Please contact if you have any enquiries.


The Department of Paediatrics offers a variety of doctoral opportunities across its research themes. Take a look at the outlines of prospective DPhil projects - and please get in touch with the relevant supervisor to discuss the details.

Impact of immunisation on pharyngeal carriage of meningococcus and pneumococcus

Efficacy and correlates of protection with a new paratyphoid vaccine in a controlled human infection model

Supervisor: Professor Andrew Pollard

The project will examine the potential efficacy of a new paratyphoid vaccine using a controlled human infection model. Human volunteers will be vaccinated with a new paratyphoid vaccine and then challenged with wild-type Salmonella Paratyphi by mouth in a bicarbonate solution. The volunteers will be closely monitored for 2 weeks, and treated either on developing infection or at 2 weeks if no infection is detected. We will examine antibody and cellular responses to ascertain the immune mechanisms associated with protection. The study will involve state-of-the-art cellular and serological techniques to provide new insights into immunity against this neglected disease.

Contact details: Andrew Pollard  

Applications by: 10th January 2020

Further information: The Oxford Vaccine Group is an interdisciplinary research environment with expertise form vaccine design and development through translation in to human studies, through phase 1-IV clinical evaluation and human challenge studies, and vaccine evaluation in the laboratory using state pf the art technology. Work on enteric fever is a major focus of the group with the aim of improving health among some of the most vulnerable populations through vaccine prevention of typhoid and paratyphoid.

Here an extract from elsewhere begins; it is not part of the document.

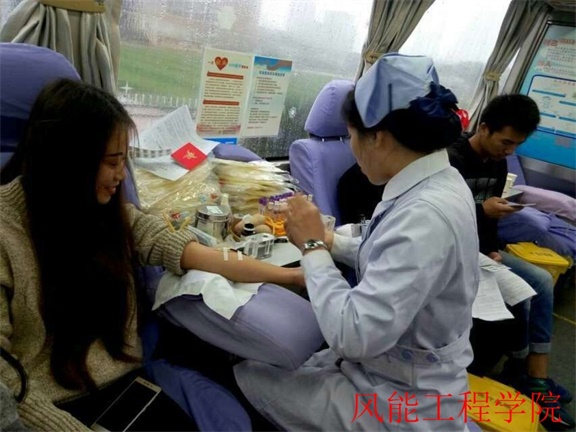 为发扬大学生帮助他人、无私奉献精神,同时提高同学们的社会责任感,构建和谐校园,风能工程学院志愿部部长唐舒,副部长谢琛、佘文漩积极组织院部学生参与到社会医疗救助行列中,并于2016年11月8日在食堂前坪开展为期一天的 “献血献爱心,血浓情更浓”无偿献血志愿活动。
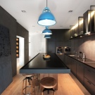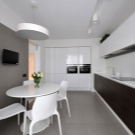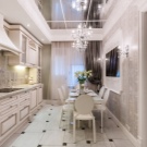 Since the kitchen is rather narrow, the classic four-burner panel is replaced by an elongated two-burner, and an unusual shape sink is made to order. In the dining area there is a rather large oval-shaped table for more than 6 guests. Next to the table are modern chairs of the same shade. Near the dining area on the wall are several paintings in glazed frames.

Jin, C., Gibani MM, Moore M, Juel HB, Jones E, Meiring J, Harris V, Gardner J, Nebykova A, Kerridge SA, Hill J, Thomaides-Brears H, Blohmke CJ, Yu LM, Angus B and A. J. Pollard (2017). "Efficacy and immunogenicity of a Vi-tetanus toxoid conjugate vaccine in the prevention of typhoid fever using a controlled human infection model of Salmonella Typhi: a randomised controlled, phase 2b trial." Lancet 2017 Dec 2;390(10111):2472-2480


Functional properties of typhoid antibodies in endemic and non-endemic populations

Supervisor(s): Professor Andrew Pollard and Dr Jennifer Hill

Project outline: Antibodies against the Vi capsular polysaccharide of Salmonella Typhi generated in response to vaccination are protective against infection. Early indications from a human challenge study suggest IgA and antibody-mediated neutrophil phagocytosis of bacteria in particular may be highly important in conferring protection. Using high throughput antibody functionality assays, profiles following typhoid vaccination both in endemic and non-endemic populations will be explored. The project will test whether environmental exposure to S. Typhi and repeated vaccination result in maturation of effector profiles, and identify potential population differences in vaccine response. These data will support assessment of the impact of vaccination programs globally as well as shedding light on factors involved in antibody effector profile maturation.

Contact details: Jennifer Hill

Applications by: 11th January 2019

Further information: The Oxford Vaccine Group (OVG) carries out research into novel vaccines to prevent infectious diseases. Uniquely OVG conducts human challenge studies for typhoid and paratyphoid in order to accelerate vaccine development and facilitate exploration of the immunology of infection. In addition the group is a member of consortia involved in overseas typhoid surveillance and vaccination trials; well positioned to explore findings from human challenge trials in (para)typhoid endemic populations and vice versa.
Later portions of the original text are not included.